**How to complete this task**. Below are records; print only the lines from the line containing "pressing the <B>" to the end, both included, reproduced exactly and without the pictures.

**Source information**.

______

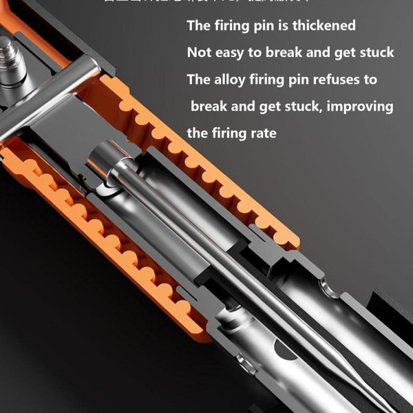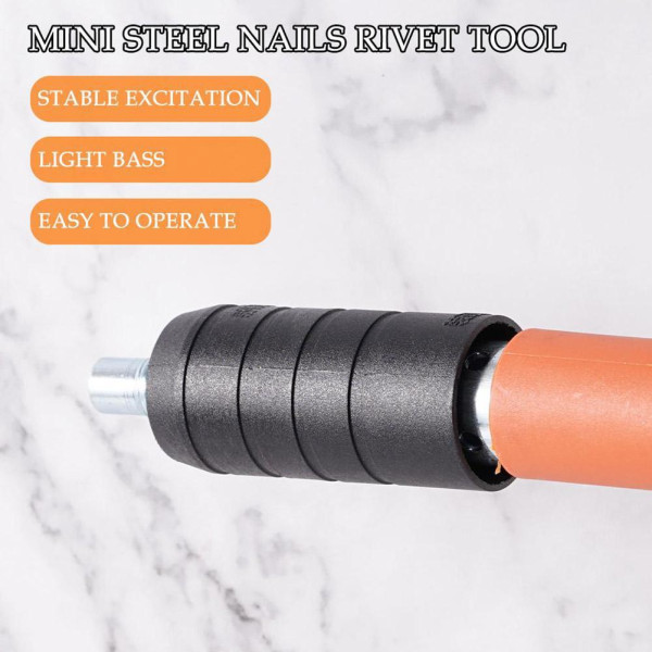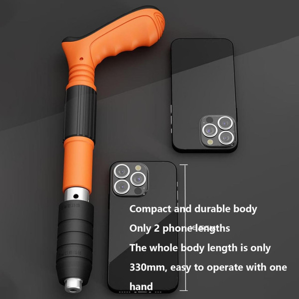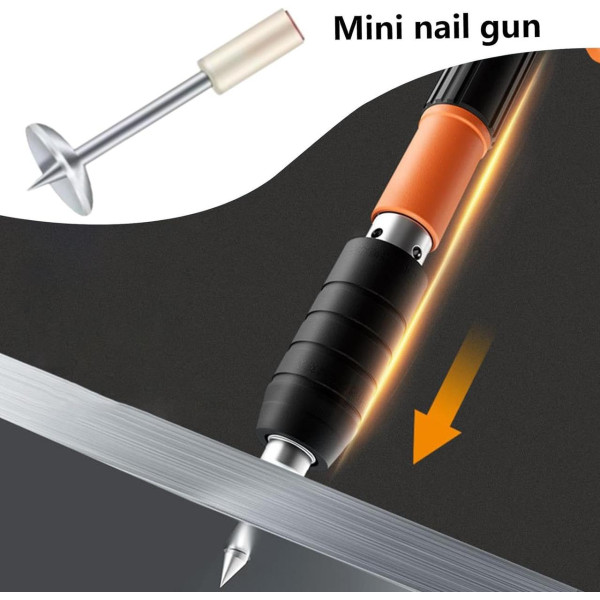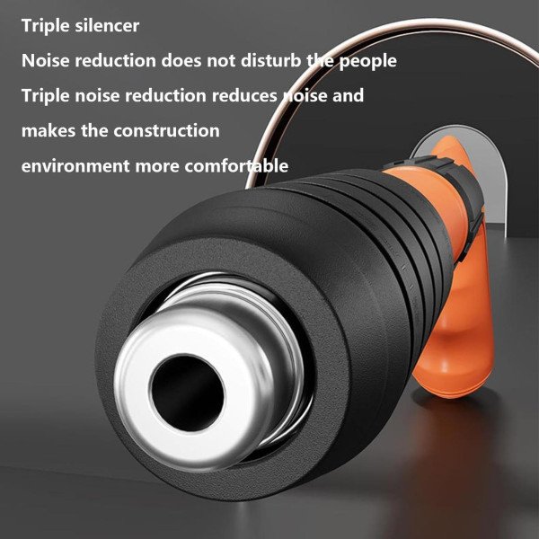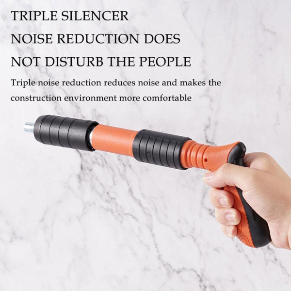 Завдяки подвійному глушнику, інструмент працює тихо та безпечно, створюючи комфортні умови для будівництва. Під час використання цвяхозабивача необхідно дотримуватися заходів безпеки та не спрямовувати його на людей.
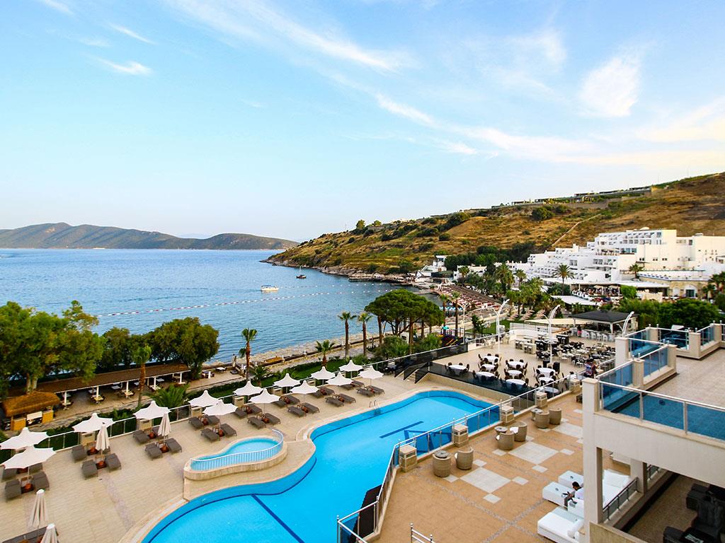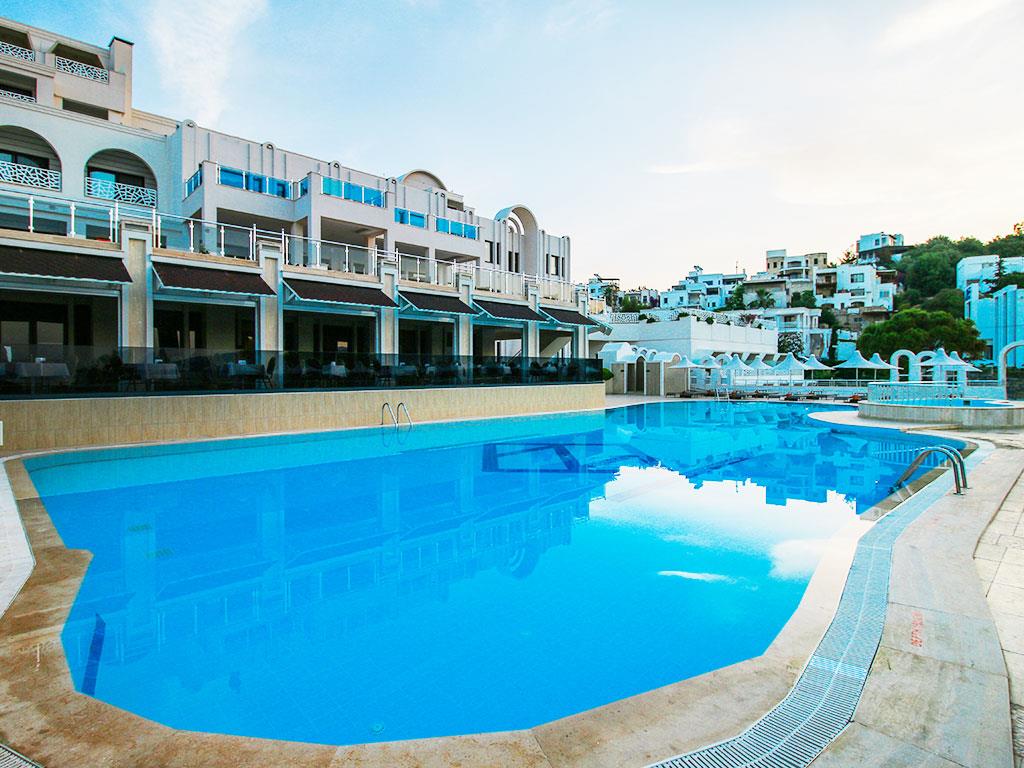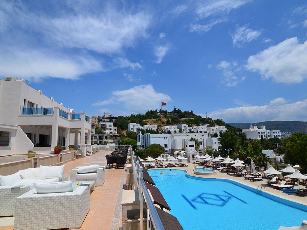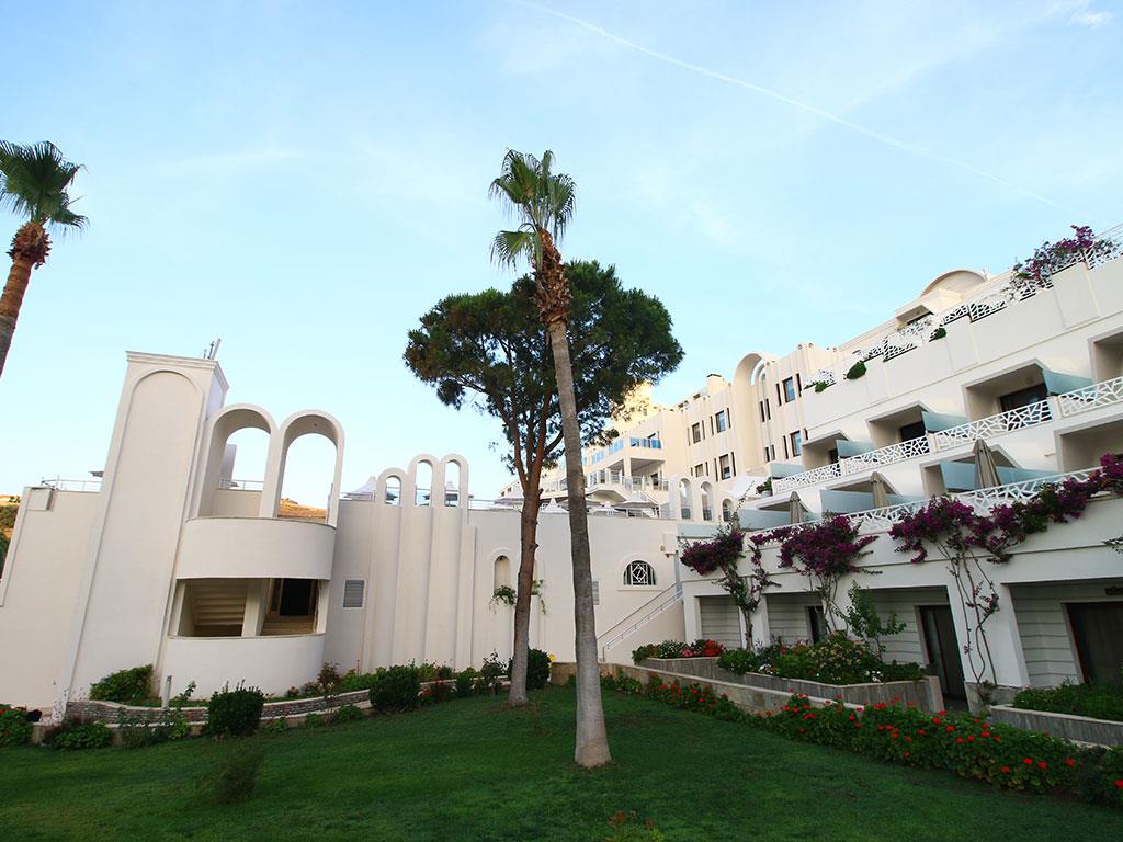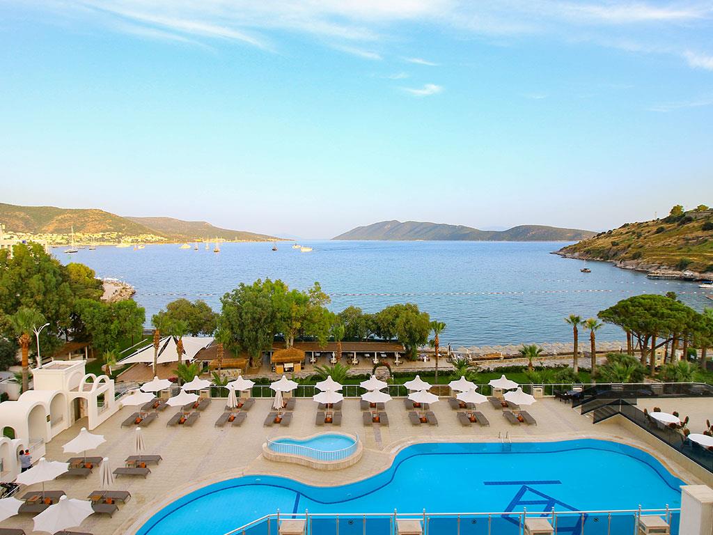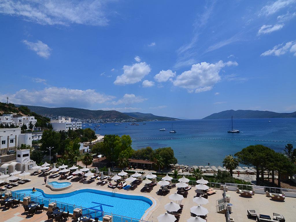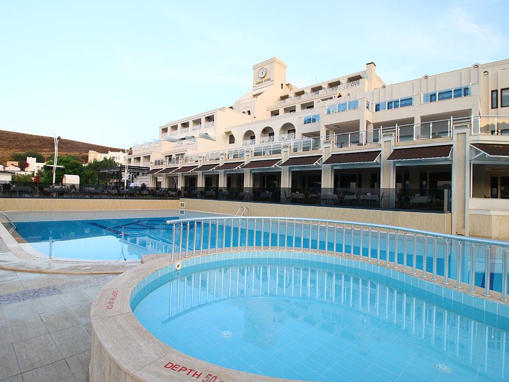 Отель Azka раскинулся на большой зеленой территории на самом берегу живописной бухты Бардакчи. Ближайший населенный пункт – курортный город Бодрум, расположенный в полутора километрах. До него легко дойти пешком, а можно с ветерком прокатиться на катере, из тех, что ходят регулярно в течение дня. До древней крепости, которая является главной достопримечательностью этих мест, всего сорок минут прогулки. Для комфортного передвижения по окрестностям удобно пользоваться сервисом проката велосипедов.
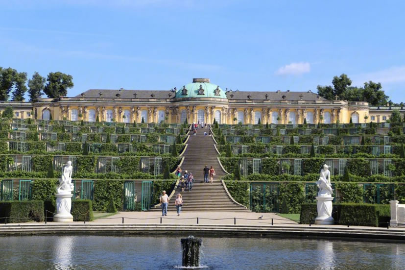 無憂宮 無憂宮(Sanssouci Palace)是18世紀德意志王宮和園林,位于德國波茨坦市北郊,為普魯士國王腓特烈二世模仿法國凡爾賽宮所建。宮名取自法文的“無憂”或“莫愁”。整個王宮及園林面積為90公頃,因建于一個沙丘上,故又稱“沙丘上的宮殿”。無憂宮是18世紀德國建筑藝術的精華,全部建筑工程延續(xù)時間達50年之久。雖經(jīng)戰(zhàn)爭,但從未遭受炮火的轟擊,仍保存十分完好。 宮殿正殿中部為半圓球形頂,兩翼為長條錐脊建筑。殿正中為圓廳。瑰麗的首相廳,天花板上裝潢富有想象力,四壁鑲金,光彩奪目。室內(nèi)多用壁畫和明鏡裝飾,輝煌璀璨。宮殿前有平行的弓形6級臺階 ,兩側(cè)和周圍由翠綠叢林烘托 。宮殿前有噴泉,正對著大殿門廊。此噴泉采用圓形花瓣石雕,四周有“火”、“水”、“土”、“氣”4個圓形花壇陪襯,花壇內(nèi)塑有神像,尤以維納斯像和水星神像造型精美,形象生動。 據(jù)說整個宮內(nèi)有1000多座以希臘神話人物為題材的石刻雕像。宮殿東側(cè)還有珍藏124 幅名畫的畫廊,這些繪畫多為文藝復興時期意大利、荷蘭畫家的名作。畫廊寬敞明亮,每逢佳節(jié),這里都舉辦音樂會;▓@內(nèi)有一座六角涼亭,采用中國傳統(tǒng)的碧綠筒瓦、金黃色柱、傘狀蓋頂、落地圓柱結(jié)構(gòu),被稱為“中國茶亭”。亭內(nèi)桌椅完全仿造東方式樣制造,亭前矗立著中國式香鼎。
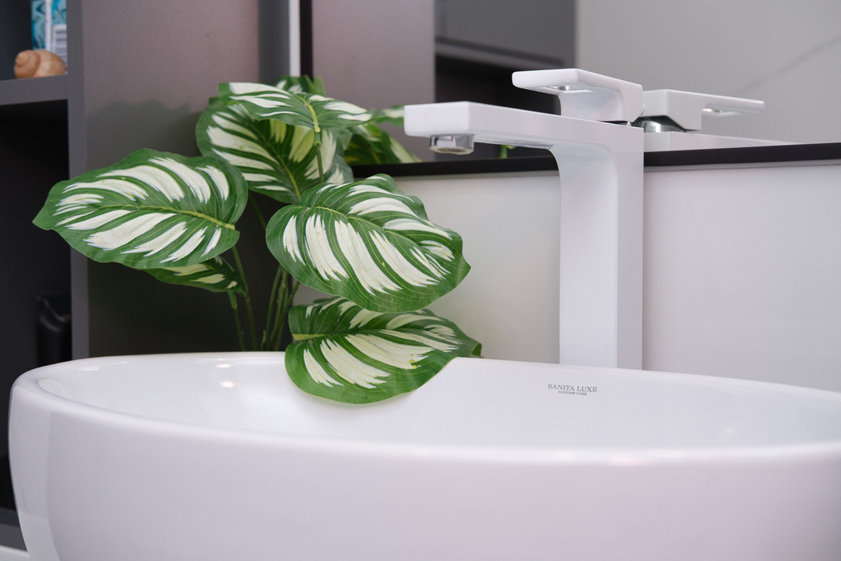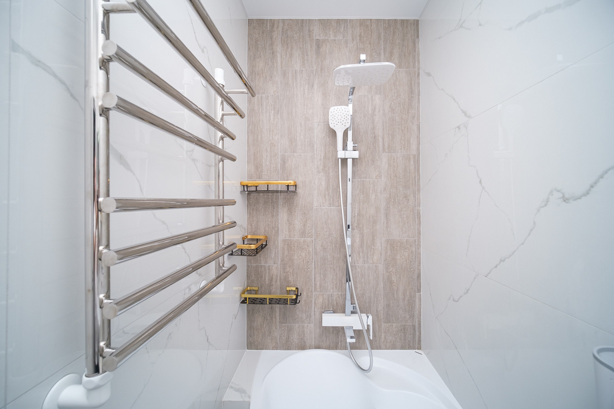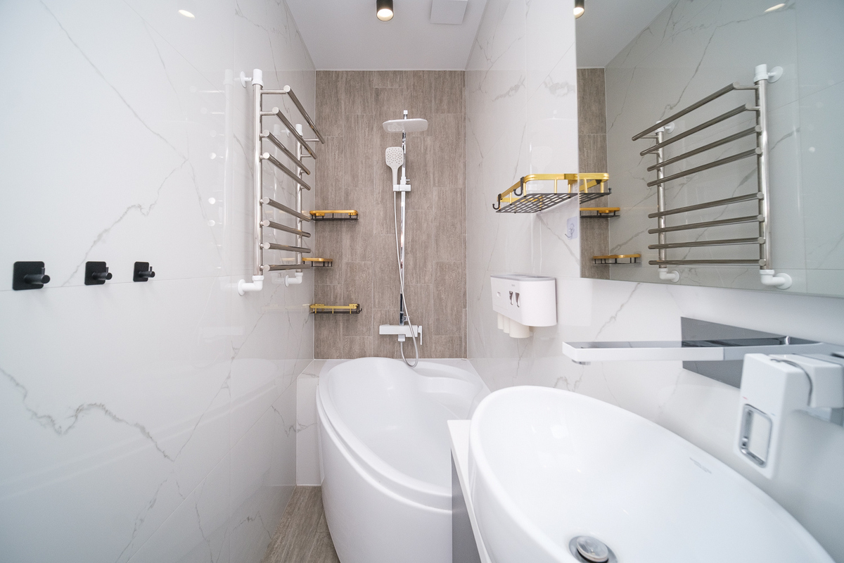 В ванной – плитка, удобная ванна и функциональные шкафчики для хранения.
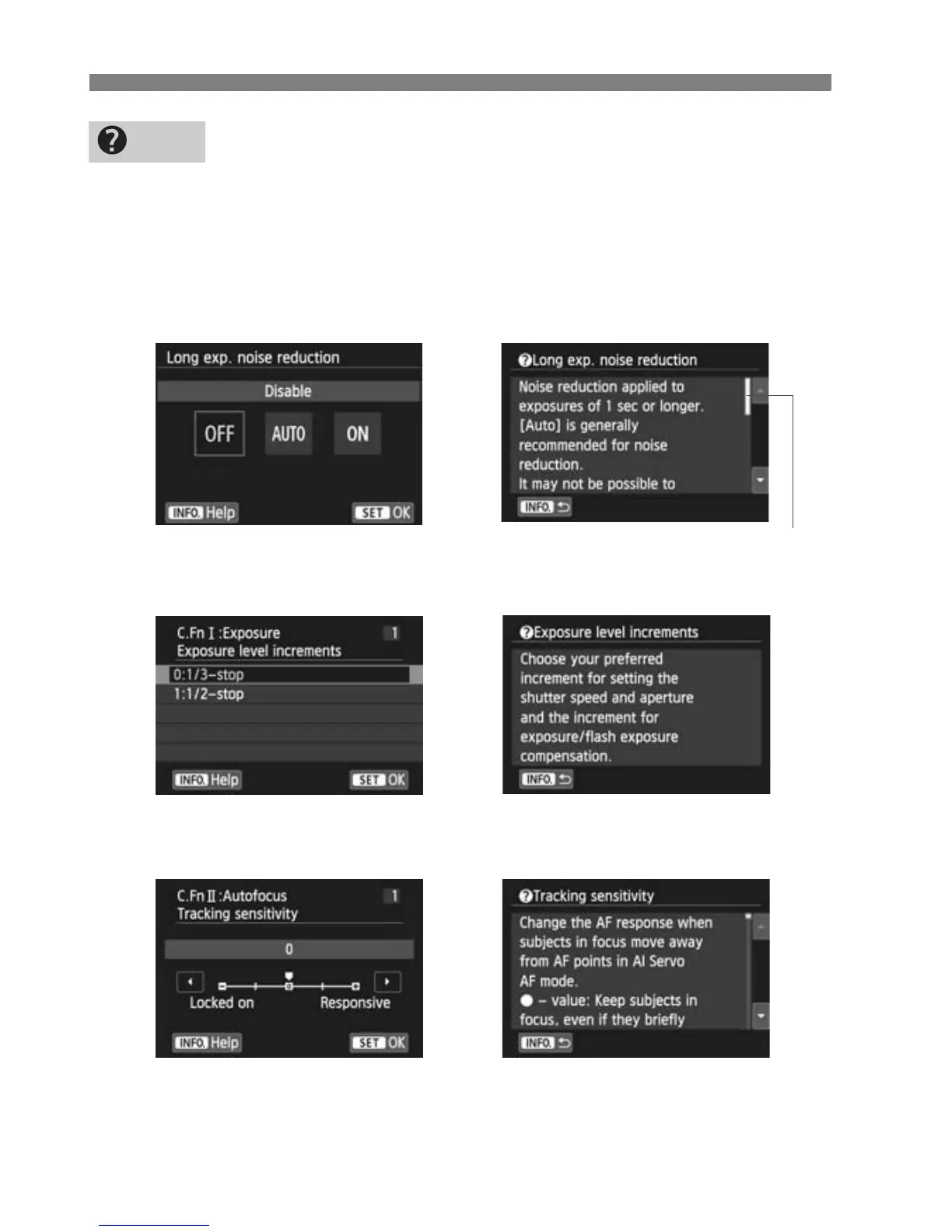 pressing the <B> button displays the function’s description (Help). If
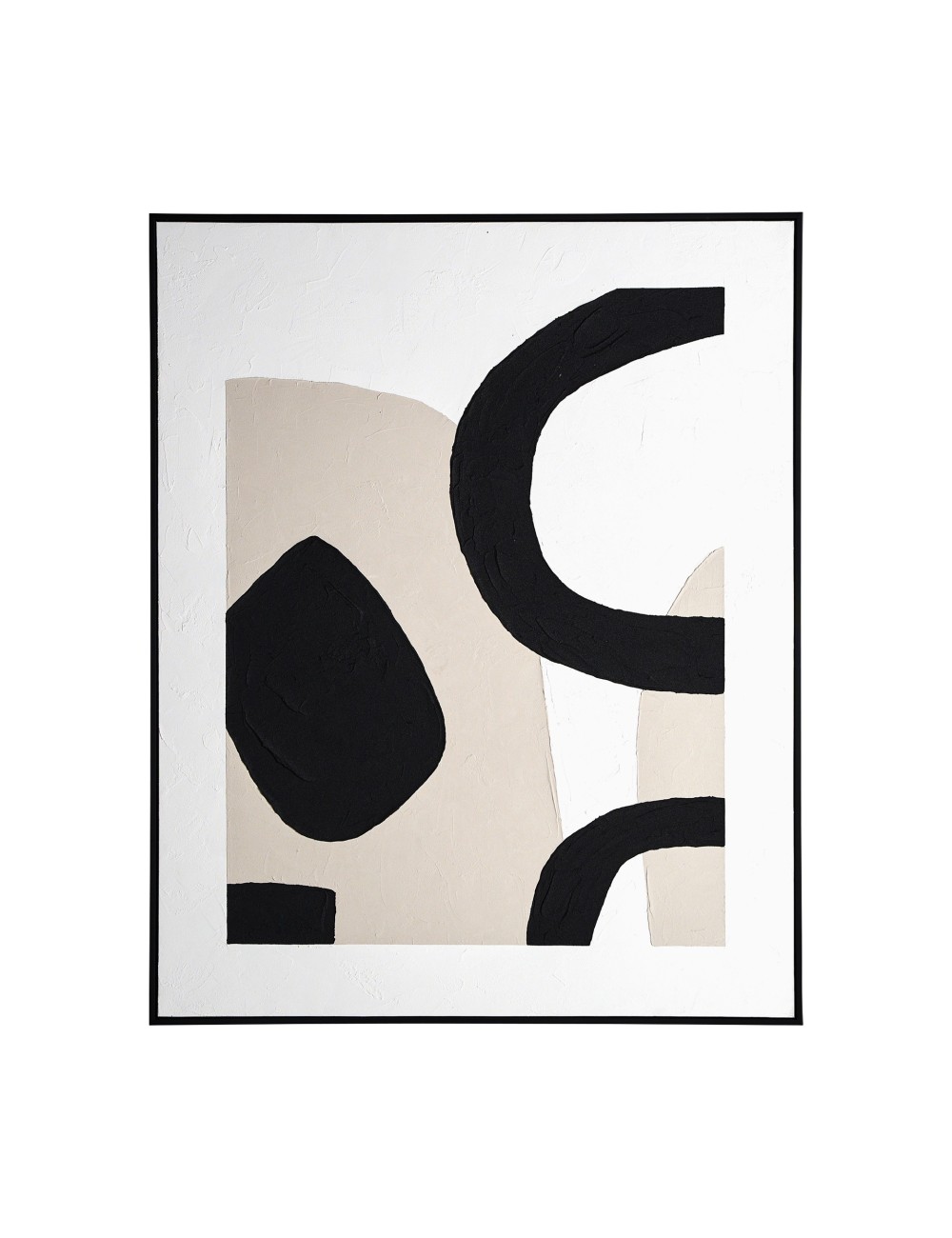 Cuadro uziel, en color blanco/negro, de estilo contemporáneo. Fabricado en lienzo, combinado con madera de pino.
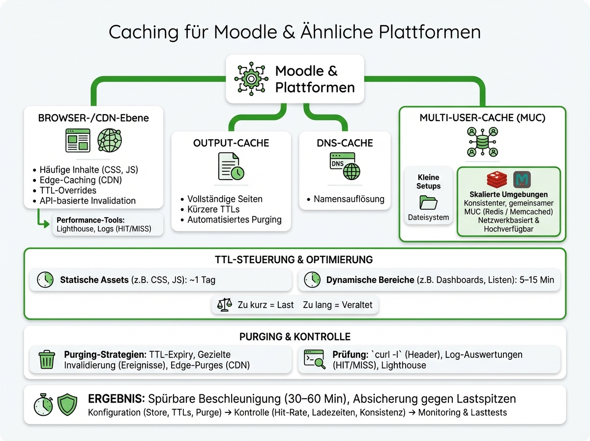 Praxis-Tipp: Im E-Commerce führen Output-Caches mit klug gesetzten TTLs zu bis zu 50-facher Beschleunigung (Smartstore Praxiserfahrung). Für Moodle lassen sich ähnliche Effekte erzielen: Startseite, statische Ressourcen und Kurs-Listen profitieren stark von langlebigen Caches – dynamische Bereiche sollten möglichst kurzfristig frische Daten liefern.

______

**Exercise result**.
 pressing the <B> button displays the function’s description (Help). If
 Cuadro uziel, en color blanco/negro, de estilo contemporáneo. Fabricado en lienzo, combinado con madera de pino.
 Praxis-Tipp: Im E-Commerce führen Output-Caches mit klug gesetzten TTLs zu bis zu 50-facher Beschleunigung (Smartstore Praxiserfahrung). Für Moodle lassen sich ähnliche Effekte erzielen: Startseite, statische Ressourcen und Kurs-Listen profitieren stark von langlebigen Caches – dynamische Bereiche sollten möglichst kurzfristig frische Daten liefern.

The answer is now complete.